Will Documentaries Like “Waiting for Superman” Be Game-Changers For Public Education?

Today I write, not from pre-screening “speculation,” but as one of the many who have watched the Davis Guggenheim documentary, Waiting for Superman.  It just so happened that I watched the film in Atlanta on the same day that DC Schools Chancellor, Michelle Rhee, announced her resignation.   But at the moment of watching the film, I was unaware that Ms. Rhee had tendered her resignation.  

I wanted to share with you my views about the film.   For the first half of the documentary, I was angry.   I sat there at a 1:45pm matinee and saw more than half the seats unfilled.   I was also angry because you see the data about school spending being less than spending on our prison system.  You see data about how our nation’s capital has 12% reading proficiency from their 8th graders!  And I was angry because you see these children suffering needlessly, and their hopes for a quality education dependent on the luck of the bouncing lottery ball.   How did we allow the “system” to become a systemic failure?

I was also angry in the latter half of the film.   Yes, I will raise my hand and state unequivocally that the teacher’s union has played one of the key roles in blocking innovation in education.  However, as an outsider, I also felt that they could have taken a more “balanced” approach to the teacher issue.  Yes, they made Randi Weingarten out to be Darth Vader, and they also got some appalling scenes of teachers sleeping in professional development programs and even reading the newspaper in their classes!   However, they again focused on the tenure and pay for performance without really giving you any ideas on how a teacher should be evaluated fairly.   It became an oversimplification of the challenges that public schools face with teacher acquisition, retention, training, compensation and evaluation.  I did, however, find Geoffrey Canada, the founder of the Harlem charter school, to be an amazing individual. Ms. Rhee, however, was portrayed as a “crusader” and I think it would have been helpful to take a more “balanced” approach to this theme and a few other themes in the film.
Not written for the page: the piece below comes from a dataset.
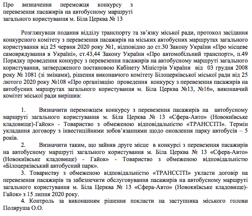 Переможцем конкурсу з перевезення пасажирів на автобусному маршруті загального користування м. Біла Церква № 13 «Сфера-Авто» (Новокиївське кладовище)-Гайок» – було визначено Товариство з обмеженою відповідальністю «ТРАНССІТІ». Термін укладання договору з інвестиційними зобов’язаннями щодо оновлення парку автобусів – 5 років.

However, where I started to question the objectivity of the documentary was the real basis for why they selected these charter schools as the illustrative ones, other than they were the ones that the children were applying to?  I have certain reservations about KIPP because I do not support a 10 hour school day and school on Saturdays.  It’s not quantity, but quality that matters.  And kids still need to be kids; they don’t need to be the 21st century version of child laborers.  I also wish that Mr. Guggenheim would have focused a bit more on the actual pedagogy being used, but I suspect he didn’t get permission to go in that direction.

All in all, I am hoping that all of these documentaries, despite their obvious slants, will create an “education revolution,” much like An Inconvenient Truth did for the environment.   Mainstream America should feel ashamed and appalled at what “the system” has fostered in our society, and we need real solutions, and NOW. 

How ironic it was that I saw this film on the day that Ms. Rhee became the latest DC Schools Chancellor to fall victim to “the system.”